* Exercise materials:
■ ■ ■ ■ ■ ■ ■
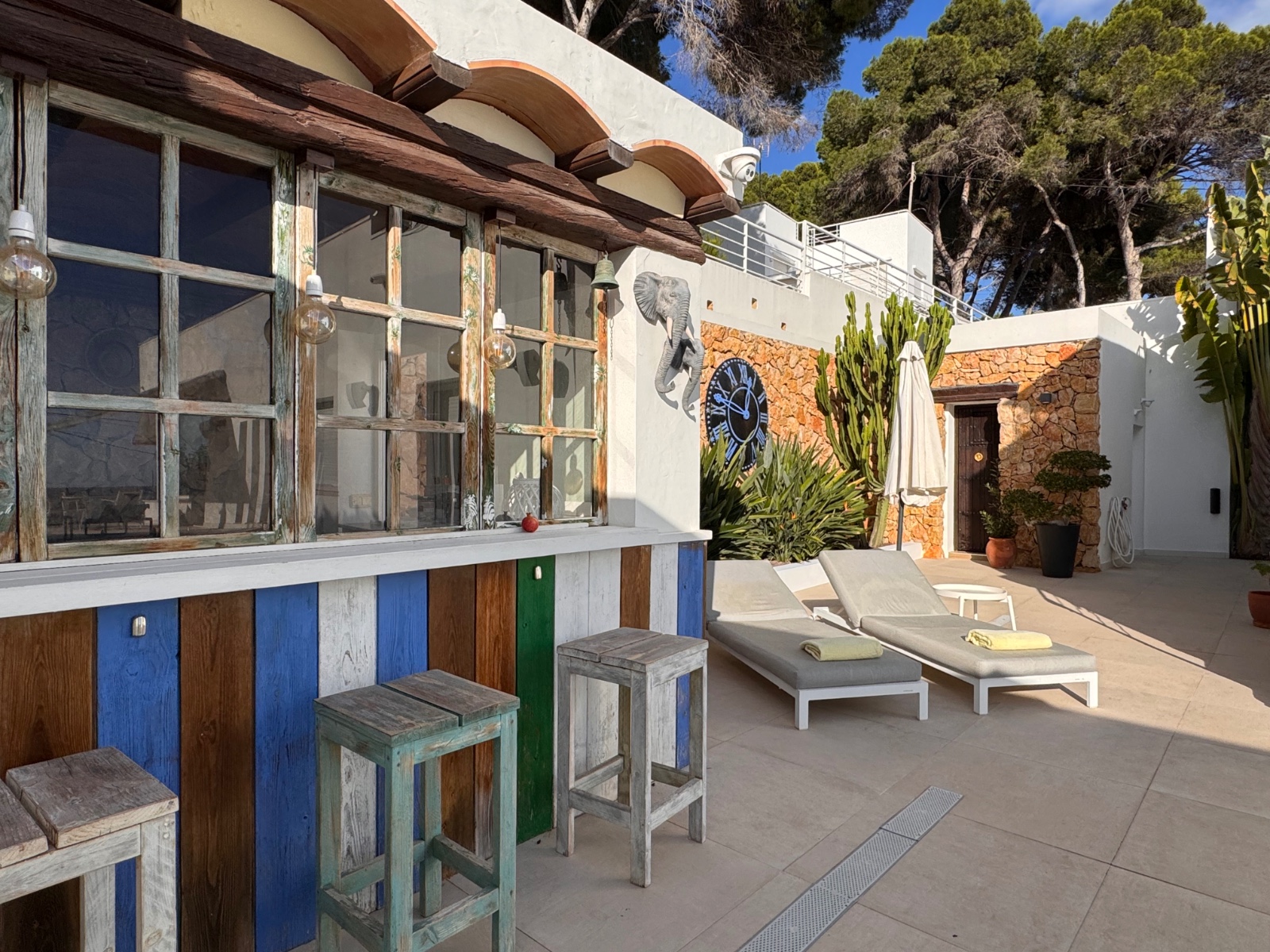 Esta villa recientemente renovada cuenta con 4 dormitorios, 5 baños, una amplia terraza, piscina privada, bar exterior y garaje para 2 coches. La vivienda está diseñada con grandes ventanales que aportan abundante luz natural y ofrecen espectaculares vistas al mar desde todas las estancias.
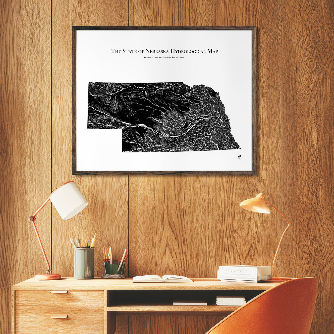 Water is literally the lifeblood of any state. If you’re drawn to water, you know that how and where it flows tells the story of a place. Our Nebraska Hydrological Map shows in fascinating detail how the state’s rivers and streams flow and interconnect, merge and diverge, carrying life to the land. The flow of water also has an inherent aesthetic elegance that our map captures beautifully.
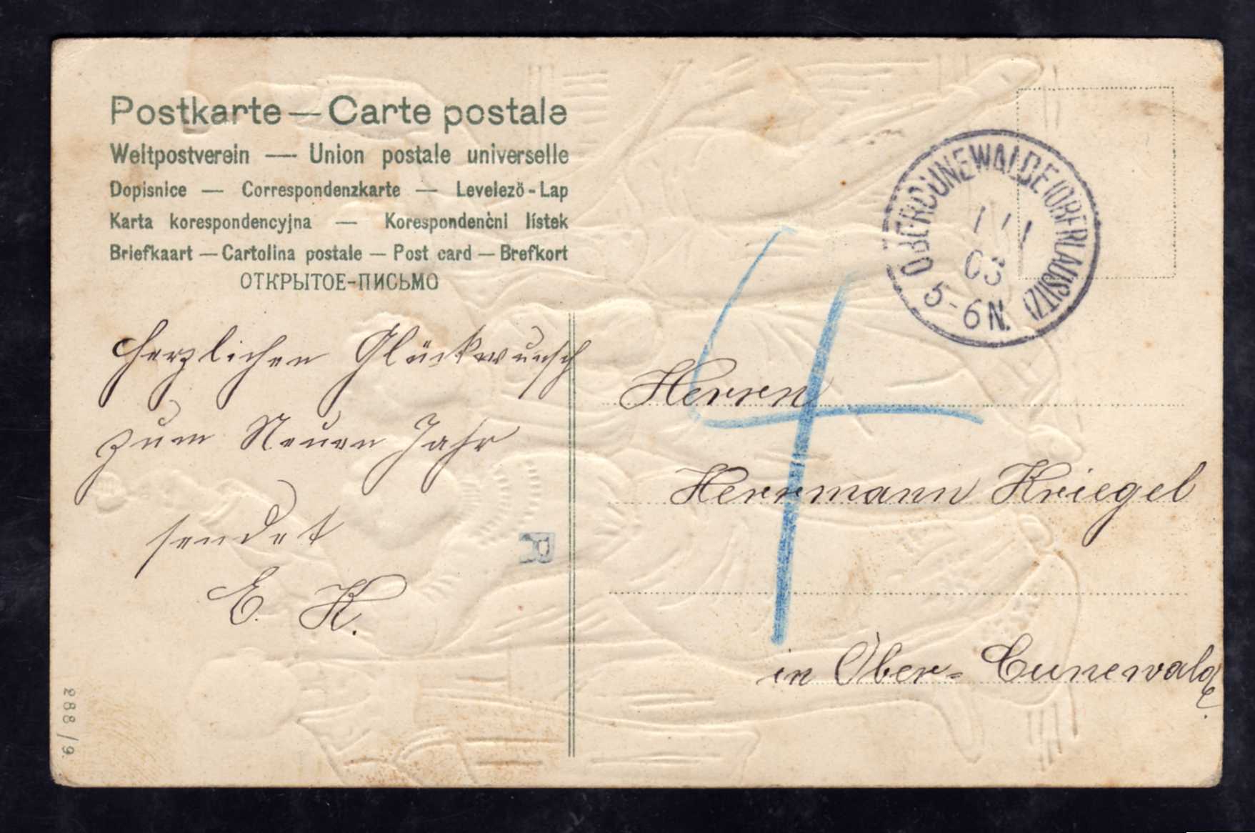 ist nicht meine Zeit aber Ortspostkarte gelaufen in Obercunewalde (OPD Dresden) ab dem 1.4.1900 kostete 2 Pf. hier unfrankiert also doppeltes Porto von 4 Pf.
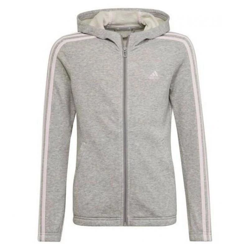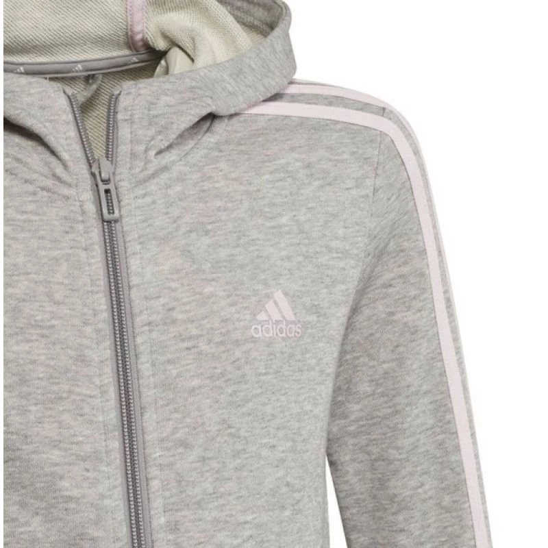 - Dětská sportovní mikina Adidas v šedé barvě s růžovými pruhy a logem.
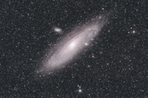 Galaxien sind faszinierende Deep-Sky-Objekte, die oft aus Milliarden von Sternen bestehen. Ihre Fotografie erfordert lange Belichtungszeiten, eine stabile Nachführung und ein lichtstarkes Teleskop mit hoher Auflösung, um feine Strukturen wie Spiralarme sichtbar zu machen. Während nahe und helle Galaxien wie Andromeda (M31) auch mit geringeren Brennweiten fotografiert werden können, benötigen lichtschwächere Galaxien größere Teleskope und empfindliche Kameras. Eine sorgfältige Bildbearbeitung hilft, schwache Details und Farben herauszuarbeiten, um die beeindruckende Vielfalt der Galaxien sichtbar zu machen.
■ ■ ■ ■ ■ ■ ■
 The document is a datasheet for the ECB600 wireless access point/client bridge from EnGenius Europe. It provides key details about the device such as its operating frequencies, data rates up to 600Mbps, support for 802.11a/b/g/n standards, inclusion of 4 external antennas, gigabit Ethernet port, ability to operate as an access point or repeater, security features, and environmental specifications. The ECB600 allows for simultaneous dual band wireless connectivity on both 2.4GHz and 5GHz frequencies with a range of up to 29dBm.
■ ■ ■ ■ ■ ■ ■
* What you will do:
"ist nicht meine" marks the first line to copy, and "Galaxien sind faszinierende" marks the last. Repeat that stretch above exactly, with no pictures.

* Task result:
 ist nicht meine Zeit aber Ortspostkarte gelaufen in Obercunewalde (OPD Dresden) ab dem 1.4.1900 kostete 2 Pf. hier unfrankiert also doppeltes Porto von 4 Pf.
 - Dětská sportovní mikina Adidas v šedé barvě s růžovými pruhy a logem.
 Galaxien sind faszinierende Deep-Sky-Objekte, die oft aus Milliarden von Sternen bestehen. Ihre Fotografie erfordert lange Belichtungszeiten, eine stabile Nachführung und ein lichtstarkes Teleskop mit hoher Auflösung, um feine Strukturen wie Spiralarme sichtbar zu machen. Während nahe und helle Galaxien wie Andromeda (M31) auch mit geringeren Brennweiten fotografiert werden können, benötigen lichtschwächere Galaxien größere Teleskope und empfindliche Kameras. Eine sorgfältige Bildbearbeitung hilft, schwache Details und Farben herauszuarbeiten, um die beeindruckende Vielfalt der Galaxien sichtbar zu machen.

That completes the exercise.